State By State Report Card for Online Corporate Disclosure

When corporate groups go into stealth mode and refuse to share information with the public about their political activities, a good way to figure out at least a little bit of what’s going down is to look at those corporations’ filings at the state level. In order to do business in a state, corporations have to register with the Secretary of State (or its equivalent office: a Board of Elections or Public Resource Commission) in a state. Those registrations contain sometimes-useful information: the corporation’s statement of purpose is occasionally printed, and if not, then the section of IRS code under which a corporation is organized is printed, which can tell you a bit about the corporation’s purpose or limitation. Corporate officers are named, a corporate business and/or mailing address is listed, and dates of incorporation or change in a corporate charter are also sometimes listed.

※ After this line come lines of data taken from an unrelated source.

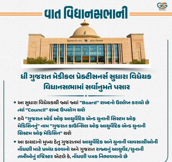 આજે આ સુધારા વિધેયક પસાર થતા નોટીફિકેશન દ્રારા રાજ્યની આરોગ્ય સંસ્થાઓને કામચલાઉ રજિસ્ટ્રેશન માટેની અરજી કરવા માટેનો સમય સાત માસ એટલે કે તારીખ 30-04-2026 સુધી વધારવામાં આવશે. આ સુધારા વિધેયક સંદર્ભે ગૃહના વિવિધ સભ્યોએ વિગતવાર ચર્ચા કરી હતી અને ચર્ચાના અંતે આ વિધેયકને બહુમતીથી પસાર કરવામાં આવ્યું હતું.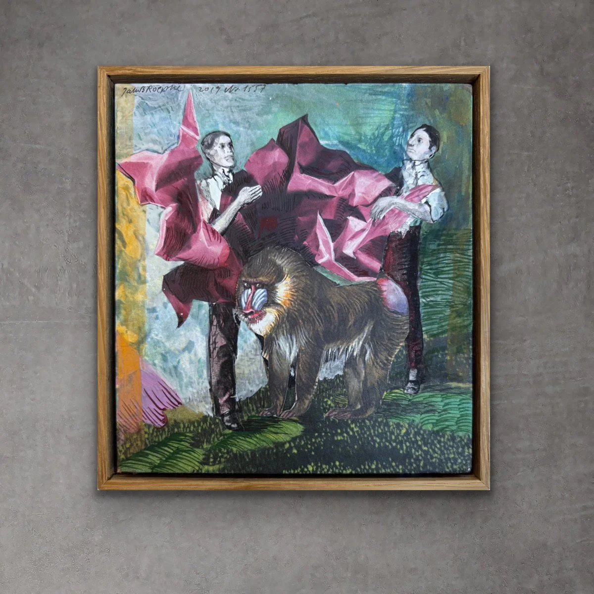 Jakob Roepke is a master of visual invention. His collages feel like fragments from a dreamlike in-between world: familiar figures encounter wild animals, surreal scenes merge with patterns, colors, and ornaments. The everyday slips into the fantastic, the known into the strange – yet always with a trace of familiarity.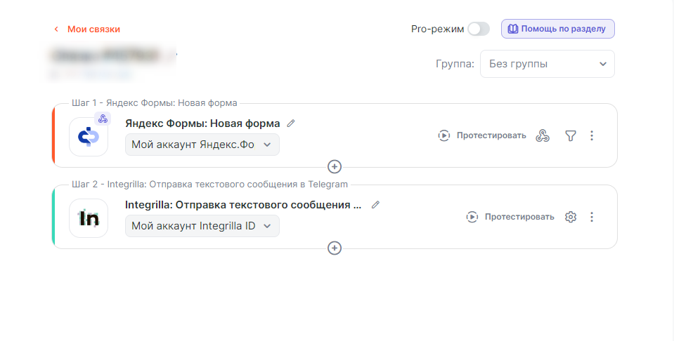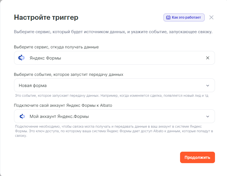 После создания подключения можно перейти к настройке связки. Рассмотрим пример с передачей сообщения в телеграм клиенту, заполнившему Яндекс.Форму. Подробнее о подключении Яндекс.Форм к Альбато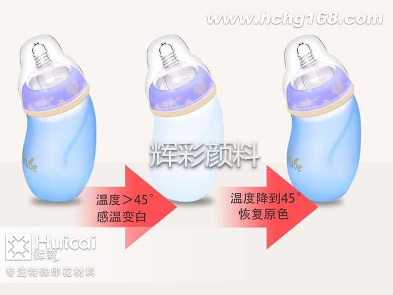 除了颜值的提升外,智能感温奶瓶的另一大特色就是智能感温了,这种智能感温奶瓶就是可以感受温度的变化,根据温度的不同而产生不同的颜色变化,让喂养更加安全。这种奶瓶在生产的时候主要是添加了感温变色颜料,感温变色颜料是包覆着感温色素的微胶囊产品。感温变色微胶囊在加热时,其内部物质结构发生改变从而失色,当冷却时,微胶囊内部 物质恢复原结构从而恢复原色。感温变色微胶囊的颜色种类很多,而且变色的温度范围也可以调控,如水温45度,瓶身发生颜色变化。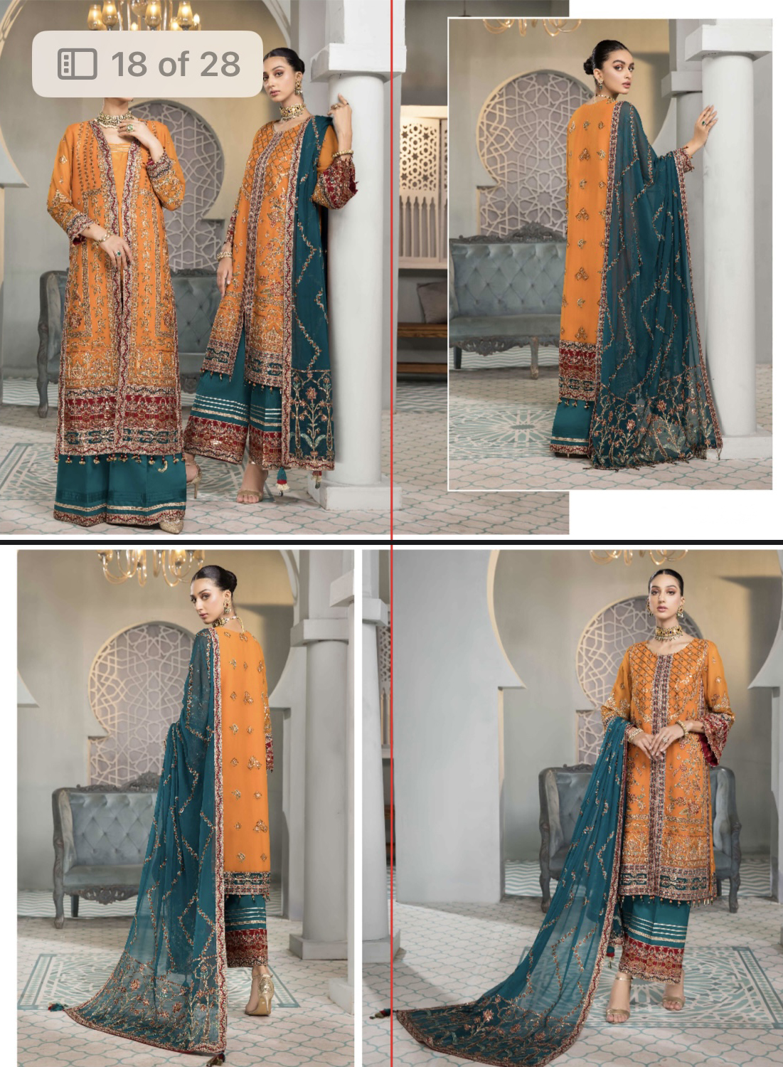 This is fully wedding dress, full embroidery front, back, left and right kali,embroidery chiffon sleeves, also have embroidery patch, embroidery orange pallu dupatta .dyed raw silk trousers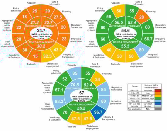 SDG 6.5.1 indicators for IWRM performance within the OECD water governance in Chile, Mexico, and Brazil.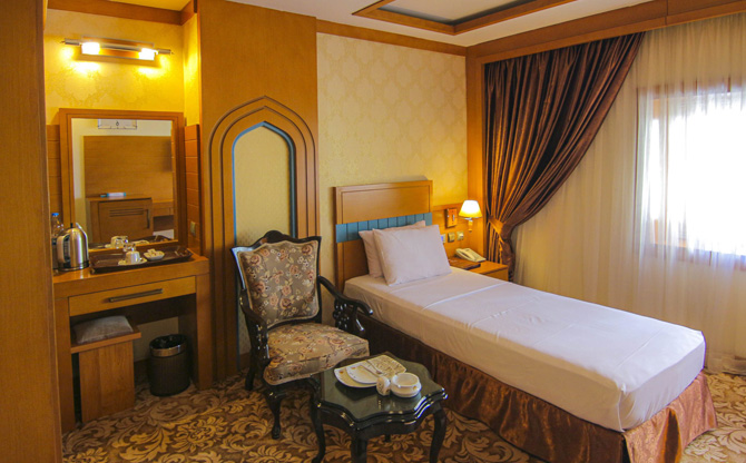 **Free airport transfer except for peak days** During official holidays, transfers are not available due to road closures. **Hotel Madinat Al-Reza** is known as the nearest luxurious five-star hotel to the holy shrine, located just 2 minutes away from the holy shrine. The architecture of this hotel is in the style of authentic Iranian Islamic architecture. What sets this hotel apart from other hotels in Mashhad is the presence of the revolving Panorama restaurant entirely made of glass at the highest point of the hotel, offering a view of the holy shrine. Another advantage of this hotel is its buffet breakfast and dinner offered every day of the year. Additionally, there is a traditional restaurant with a nostalgic atmosphere offering an à la carte menu and salad buffet. The presence of a permanent art gallery adds to the allure of this hotel. Some of the excellent amenities of the hotel include separate swimming pools for men and women, high-speed free internet, a childrens playroom, and a library. The wide variety of rooms in this hotel makes it easy to choose, with economy, standard, luxury, and VIP rooms available.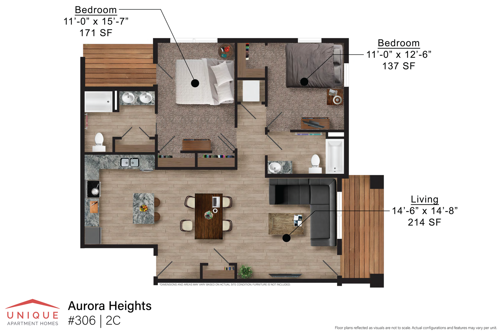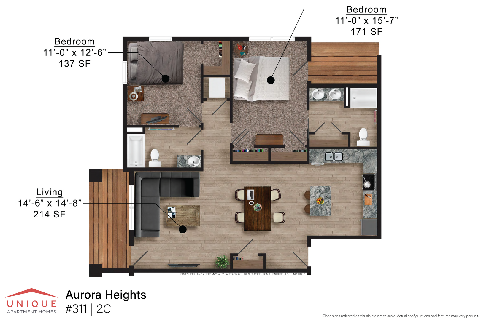 2 Bed/2 Bath (2C) | Aurora Heights

In the abstract, this information is available to the public. Every state and the District of Columbia has at the least an online Corporate Name Search utility that you can find by typing “[State Name] Corporation Search” as a query in your favorite search engine. But practically speaking, useful information is often stuck somewhere in a cabinet in an office that you can’t find, or made available only through the mail with a 5-10 day processing period, or placed behind a “fee wall” so that you have to pay money to obtain a pdf file with basic information.

Knowing which states share information expansively, and which states hoard it, can help you to avoid frustration and be more efficient in your own information gathering exercises. That’s why I’ve prepared this state-by-state report card, categorizing DC and the Nifty Fifty according to information transparency and ease of access.

A+: States that Go Above and Beyond to Provide Corporate Information
These states not only make corporate filings available for download online at no cost, but provide more of that information than other states, including verbose descriptions of filing amendments. One of these states even pushes transparency a bit too far, sharing information about corporate officers’ home addresses. Florida’s corporate name search engine does a good job of offering results for corporations whose spellings closely but not exactly match the name you type in to a search bar:

Alaska
Florida
Ohio
Rhode Island

A: States that Share All Available Filings Online with No Fee
Colorado
Georgia
Idaho
Indiana
Iowa
Kentucky
Maryland
Massachusetts
Mississippi
Missouri
Michigan
North Carolina
New Hampshire
South Dakota
Wyoming

A-: Go to Staples and Get a New Scanner, Ken Bennett
Arizona shares all corporate filings online as pdf files without charging any money for access. That’s nice. But those pdfs are scanned in using what must be a 15 year-old scanner, and the results are largely illegible. No, really:

Arizona Corporate Disclosure PDF: an utterly illegible scan

So come on, Secretary of State Bennett. Take that trip to Staples. You can pass a jar around for a collection, even. With this fix your service will be keen.

C: States that charge the public fees to obtain filings online
Yes, it’s a steep grading curve, but really. The states below already charge the corporations a fee to receive, process and file the documents they receive, but that isn’t enough for them: they have to go ahead and charge a fee — ranging from $1 to above $50 per file — for the public to download a pdf. The actual cost per download is insubstantial and besides, the state is not the owner of this information: the public is the owner of this information. The effect of these fees is to erect a barrier so that only people and corporations with money to burn will bother to dig up the details on corporations. How elitist.

Delaware
Hawaii
Louisiana
Maine
Minnesota
Montana
Nebraska
Nevada
Oklahoma
Oregon
Utah
Washington
West Virginia
Wisconsin

C-: and it exploded
Pennsylvania charges fees for public documents, but it apparently doesn’t use the money to pay an IT guy to keep the system working. In 7 out of 10 attempts I made to access the PA corporate database (on two different browsers), the system crashed and I had to start over.

D: Filings not available for download online, fee required to obtain by mail:
Mail? Hello. This is the 21st Century. Factor in mailing times and processing periods and you could wait a month to get the document you’re looking for, and yes, you’ll have to pay for the privilege. Does someone want the little people not to bother?

That blanket condemnation is not completely fair in all cases. New York State will let someone print out the file you want on the same day your request comes in and send it back out to you… for only $150.

Alabama
Arkansas
California
Connecticut
DC
Illinois
Kansas
New Jersey
New Mexico
New York
North Dakota
South Carolina
Tennessee
Vermont
Virginia

F: A fee just to search for the name of a corporation
That would be Texas, which apparently is a very small state after all.